INDIANAPOLIS, Ind. – Indy's Department of Public Works announced that road crews have filled more than 17,000 potholes so far this week. On Wednesday night, the city- county council will meet to discuss the multi-million dollar budget needed to finish those repairs.
Mayor Joe Hogsett (D) asked for roughly $14 million to pay for the road repairs, in addition to the $88 million already budgeted for infrastructure work in 2018. DPW Director Dan Parker has said that if the city-county council doesn’t approve the mayor's spending proposal, the agency may have to cut back on the number of repairs it does.
Ahead of Wednesday’s meeting, City-County Councilor Marilyn Pfisterer said she wants clarity on DPW’s plans for the money, namely, where and how the money will be spent and the exact process the agency is using to replace potholes. She pointed to highly scrutinized images of crews throwing asphalt into potholes that are filled with water as being a waste of taxpayer dollars.
“There’s no sense in frittering away $14 million on something that is not being done thoughtfully,” Pfisterer said.
Another concern frequently brought up is DPW’s selection process of what roads are repaired and when. Warren Stokes, a DPW spokesperson, said the agency prioritizes which roads are fixed according to how much traffic it has, and the type of traffic it has.
“Meridian, College Avenue, those are the type streets that we’re looking at. That’s because not only are a lot of folks using it to get back and forth from work, but a lot of emergency vehicles are using those and a lot of hospitals are located near major thoroughfares,” Stokes said.

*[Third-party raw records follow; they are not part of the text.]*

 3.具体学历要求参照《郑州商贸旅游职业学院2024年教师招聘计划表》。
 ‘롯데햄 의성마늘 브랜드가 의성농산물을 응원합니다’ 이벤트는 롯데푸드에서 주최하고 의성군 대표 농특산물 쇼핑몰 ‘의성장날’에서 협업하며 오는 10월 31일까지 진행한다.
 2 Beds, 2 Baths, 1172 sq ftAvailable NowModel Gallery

Stokes said he couldn’t speak to what type of consequences a no vote on the mayor’s proposal would have on agency repairs, but did speak to the importance the mayor’s emergency declaration currently has. The agency’s current pothole blitz was prompted by the mayor’s emergency declaration, so technically DPW is already spending the money. Stokes said not only is that money currently allowing the agency to conduct the blitz, but it’s also allowing the agency to keep the blitz going for much longer than a normal blitz.

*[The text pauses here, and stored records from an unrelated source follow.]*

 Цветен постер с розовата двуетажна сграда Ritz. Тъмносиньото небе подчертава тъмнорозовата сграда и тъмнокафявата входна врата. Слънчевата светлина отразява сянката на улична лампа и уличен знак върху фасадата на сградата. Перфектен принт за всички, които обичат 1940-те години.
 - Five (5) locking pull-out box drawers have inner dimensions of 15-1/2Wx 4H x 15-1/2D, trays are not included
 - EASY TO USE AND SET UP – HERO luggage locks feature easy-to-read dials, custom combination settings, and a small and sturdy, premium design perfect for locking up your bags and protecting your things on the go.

“We’re going to keep using hot mix. We’re going to keep strip patching. The plan is to go maybe four to five weeks just until we get to the spring and we can really start construction season,” Stokes said.
Wednesday's meeting is a proposal introduction of the measure for $14.5 million for the roads. It will then move to the Public Works Committee, and debated during a meeting Thursday night. The public will be able to comment at that time. If it passes the committee, the vote will likely occur during the full council meeting on March 12.